Liquorice brings back colourful childhood memories of sitting with Grandma watching Country Calendar on a Sunday night and diving into her lolly jar filled with liquorice allsorts.
Another colourful memory comes from my days working at Taupo's Huka Lodge where we were making a liquorice parfait with Dutch drop liquorice - which has such a salty sour taste it almost put me off the stuff forever.
The liquorice plant is a herbaceous perennial legume. Its flavour comes from a sweet-tasting compound called anethole, also found in anise and fennel. Extra sweetness comes from glycyrrhizic acid, which is more than 50 times sweeter than sucrose.
Liquorice is harvested in the autumn after two to three years' planting. The extract is produced by boiling the root until the water evaporates, leaving a syrup.
Legend has it liquorice allsorts were invented when Charlie Thompson, a salesman for sweet manufacturer the Bassett Company, supposedly dropped a tray of samples mixing up the various sweets. The client was intrigued by the new multi-coloured, oddly shaped creations and soon after the company began to mass-produce the allsorts - made of liquorice, sugar, coconut, aniseed jelly, fruit flavourings and gelatine - which just as quickly became something of a British icon in the sweet world.

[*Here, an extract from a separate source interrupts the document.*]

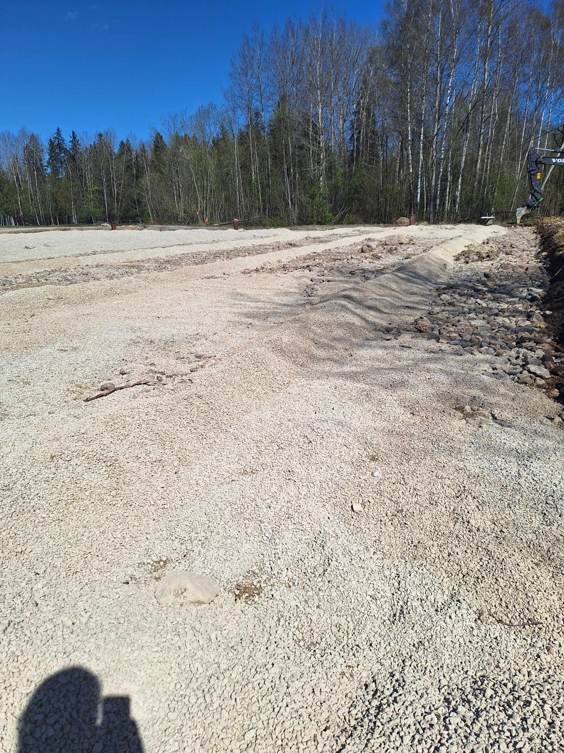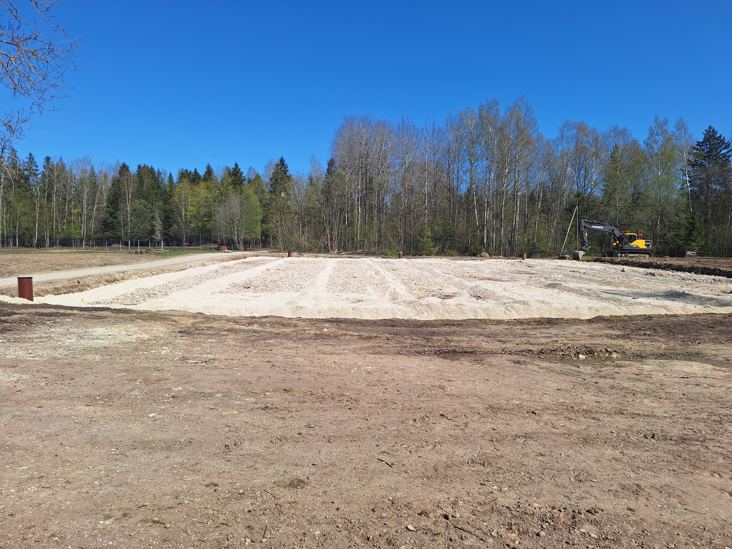 Platsi suurus ca 45x45m. Tarvis drenaaži torude vahed ära täita kruusa, sõelmete või muu pinnasega, mis tekitab tugeva aluskihi (muld/savi ei sobi).

Outside of sweets though, liquorice has many uses. Try using dried sliced liquorice root in Chinese braising liquids. If you can't get your hands on liquorice root, aniseed is always a good substitute, as it too has that liquorice flavour.
Although I also strongly recommend using a spice that closely resembles anise in flavour - star anise, a pretty star-shaped fruit harvested from a small native evergreen tree in southwest China. It is a major ingredient in garam masala, five-spice powder and in the making of pho, a Vietnamese noodle soup.
Mexicans use aniseed in champurrado, a warm, thick, chocolaty drink, made with masa (hominy flour), Mexican sugar and milk, all whipped up using a wooden whisk called a molinillo. The whisk is rolled between the palms of the hands and moved back and forth through the mixture until it is aerated and frothy. It's generally served with churros as a simple breakfast.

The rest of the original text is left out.